Secondo un’indagine dello Svimez, l’Associazione per lo sviluppo dell’industria nel Mezzogiorno, una chiusura definitiva degli stabilimenti provocherebbe una perdita di circa sei milioni di tonnellate di acciaio (calcolando la produzione a regime), corrispondente a circa 24 miliardi di euro: circa l’1,4% del Pil nazionale.

Alla cifra vanno aggiunti anche i mancati investimenti per 1,1 miliardi di euro (quelli ambientali) e 1,2 miliardi (investimenti industriali). Senza tralasciare il costo sociale: dei 10.700 dipendenti ex-Ilva, oltre 8 mila lavorano a Taranto e, di questi, già 1.276 sono in cassa integrazione dal 30 settembre.

Ma una chiusura dei battenti ex Ilva implicherebbe anche il passaggio dell’Italia a un paese importatore di acciaio. Già Turchia, Russia e Serbia hanno puntato gli occhi su un probabile nuovo bacino di vendite. La produzione negli stabilimenti ex Ilva registrava infatti segnali poco positivi già quest’estate, quando la produzione era scesa dell’1,1% (2,208 milioni di tonnellate), mentre nei nove mesi ha perso circa il 9% sulla produzione rispetto allo stesso periodo dello scorso anno (17,62 milioni di tonnellate).

Il competitor più forte sul mercato in Italia, le acciaierie cremonesi Arvedi, registra ritmi di produzione ben più contenuti e comunque sempre in calo (è di ottobre l’annuncio di una riduzione della produzione del 70%, per fronteggiare congiunture economiche internazionali sfavorevoli e la concorrenza a basso costo della Turchia).

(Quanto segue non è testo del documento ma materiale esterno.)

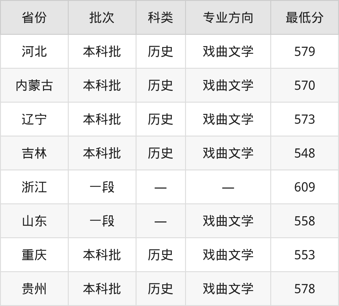 中国戏曲学院戏剧影视文学专业在全国各省最低录取分数线为548分(吉林历史类),除此之外,在其余地区的最低分为河北历史类579分、内蒙古历史类570分、辽宁历史类573分、浙江609分等,以上数据均为2025年数据,供2026年高考生参考。
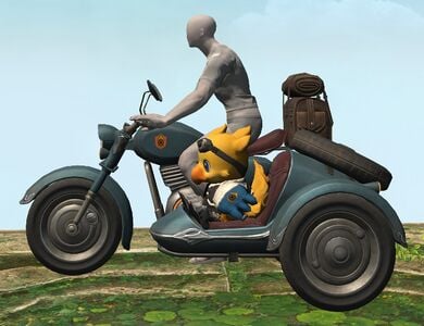 A variant of the Garlond GL-I, this magitek vehicle is fitted with a sidecar to allow for two riders, with engine displacement increased to handle the additional weight. Comes with a life-size mascot lovingly crafted by Wedge─but strictly for a limited time only, and while stocks last!— In-game description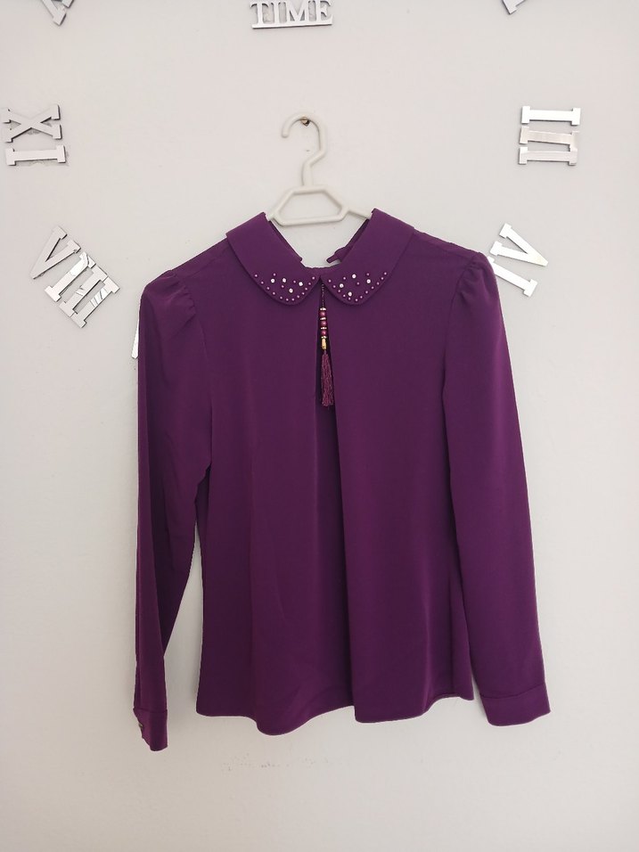 Mor uzun kollu, yakalı kadın gömleği. Püskül detayıyla minimalist ve parlak ipeksi kumaştan, salaş kesim.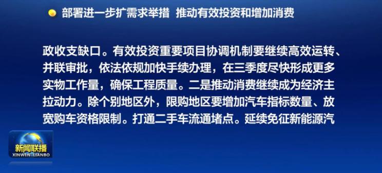 据央视新闻消息,7月29日,国务院常务会议召开,部署进一步扩需求举措,推动有效投资和增加消费。会议指出,除个别地区外,限购地区要增加汽车指标数量、放宽购车资格限制。打通二手车流通堵点。延续免征新能源汽车购置税政策。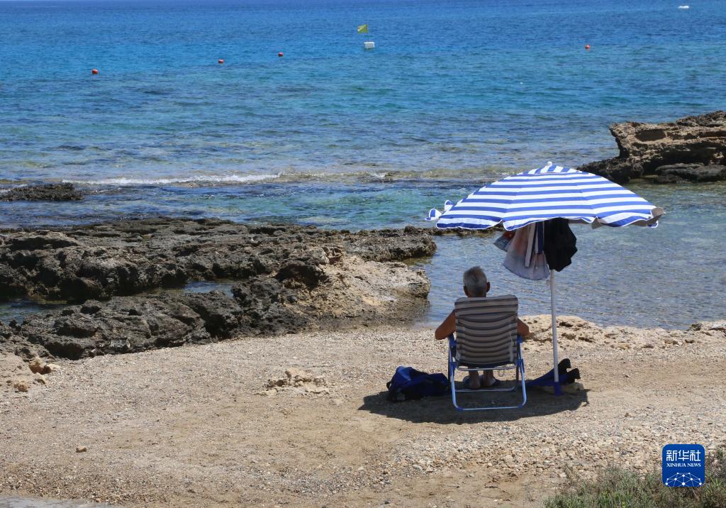 7月14日,一名老人在塞浦路斯普羅塔拉斯的一處海灘消暑。新華社記者 郭明芳 攝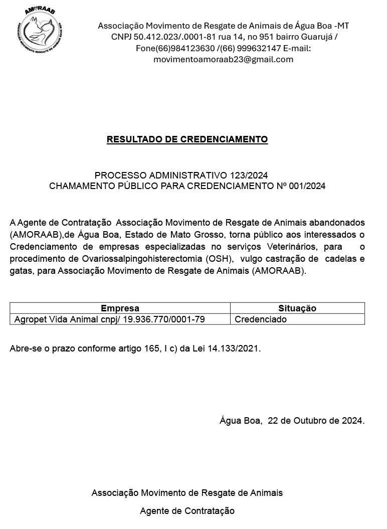 ÁGUA BOA – A Associação Movimento de Resgate de Animais Abandonados tornou público o credenciamento da empresa de serviços veterinários para o procedimento de castração de animais resgatados.

Quali sono le conseguenze per il Governo?

Il caso Ilva ha portato a una spaccatura all’interno del Movimento 5 Stelle. Moltissimi parlamentari stanno accusando Luigi Di Maio di aver gestito male la vicenda e la divisione tra i vari gruppi parlamentari diventa sempre più forte. Le altre parti della coalizione di maggioranza (Partito Democratico, Italia Viva e LEU) stanno a guardare con apprensione la perdita di leadership di Luigi Di Maio. I timori per una possibile crisi di governo hanno portato lo spread btpbund a salire fino a 175 punti base livello che non si vedeva da agosto. Dobbiamo ricordare come le tensioni siano legate anche alla manovra di bilancio.

Secondo il nostro strategist Filippo A. Diodovich “la tenuta del Governo non è ancora a rischio. Il vero punto cruciale per le sorti dell’esecutivo Conte saranno le elezioni regionali in Emilia Romagna che si terranno a gennaio”.

Quali sono le conseguenze per Piazza Affari?

Nonostante le tensioni sullo spread btpbund Piazza Affari sembra guardare soprattutto oltreoceano alle trattative commerciali tra Stati Uniti e Cina.

Secondo Diodovich “per il nostro indice sarà fondamentale la tenuta del supporto di 23420. In caso di mantenimento al di sopra di tale sostegno le aspettative grafiche rialziste rimarranno vive e in grado di riportare i prezzi verso gli obiettivi long a 23800 e 24000 punti”.